Tuesday, January 17, 2006

The Military Industrial Complex

(This one isn't about me)

On the Daily Show tonight, Jon Stewart interviewed Eugene Jarecki who has made a film called "Why We Fight". The film is an examination of why we go to war. In the film he quotes a speech made by Dwight D. Eisenhower that was made three days before he finished his second term as President of the US. For those of you who don't know much about Eisenhower, he was the mastermind behind the D-Day landings and was the supreme commander of the allied forces in their attempt to defeat Hitler. So a man with a lot of background in the armed forces, and one who had been initmately involved with them for fifty years.

In the speech, made in 1960 he makes the following extraordinary warning about the Military Industrial Complex (indeed, I think he coined the phrase):

"Until the latest of our world conflicts, the United States had no armaments industry. American makers of plowshares could, with time and as required, make swords as well. But now we can no longer risk emergency improvisation of national defense; we have been compelled to create a permanent armaments industry of vast proportions. Added to this, three and a half million men and women are directly engaged in the defense establishment. We annually spend on military security more than the net income of all United States corporations.

This conjunction of an immense military establishment and a large arms industry is new in the American experience. The total influence -- economic, political, even spiritual -- is felt in every city, every State house, every office of the Federal government. We recognize the imperative need for this development. Yet we must not fail to comprehend its grave implications. Our toil, resources and livelihood are all involved; so is the very structure of our society."
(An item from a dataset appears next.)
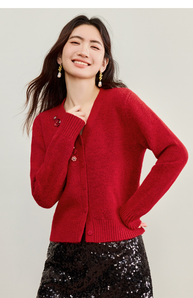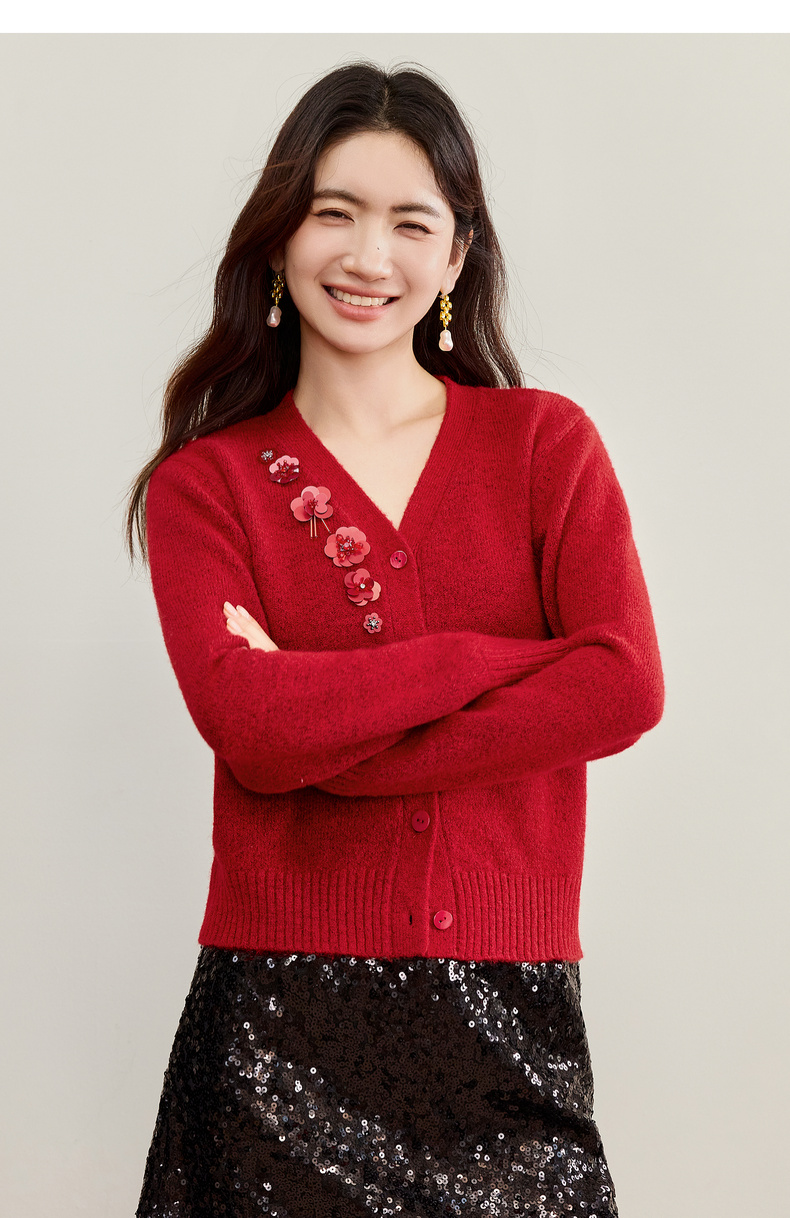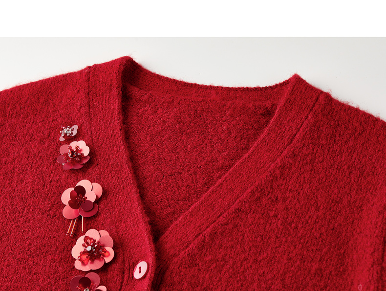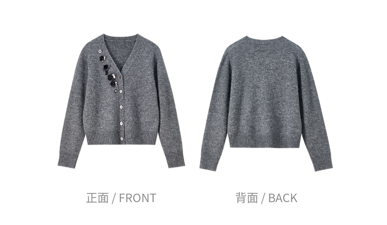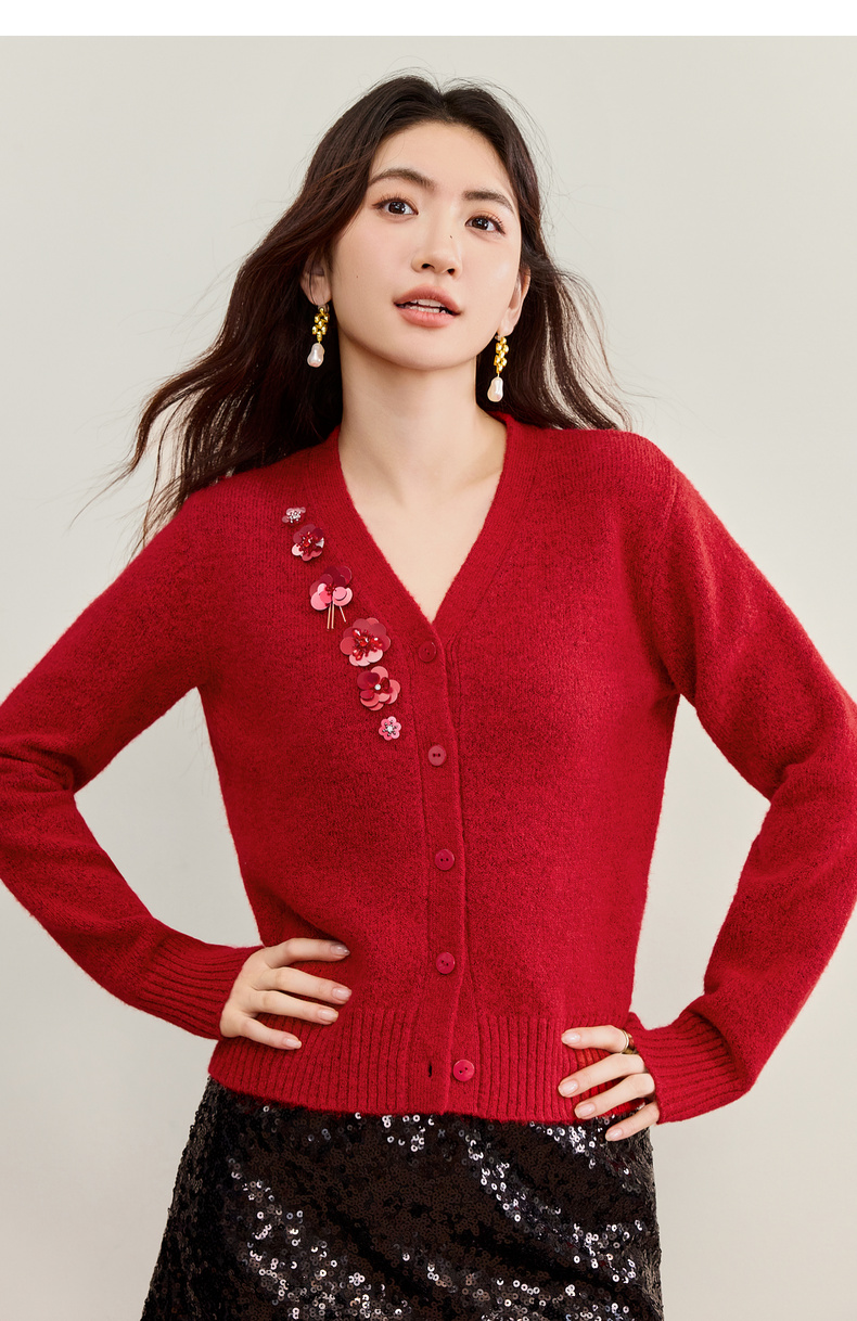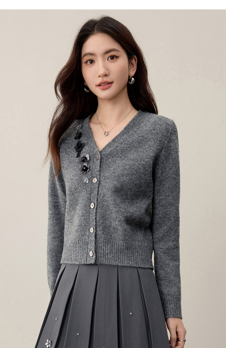 【内购】【含绵羊毛】优雅通勤V领贝壳扣簇状珠片花软糯弹力长袖开衫毛衣-W53EB3381

The next bit is particularly astonishing for a man in his position to declare:

"In the councils of government, we must guard against the acquisition of unwarranted influence, whether sought or unsought, by the military industrial complex. The potential for the disastrous rise of misplaced power exists and will persist.

We must never let the weight of this combination endanger our liberties or democratic processes. We should take nothing for granted. Only an alert and knowledgeable citizenry can compel the proper meshing of the huge industrial and military machinery of defense with our peaceful methods and goals, so that security and liberty may prosper together."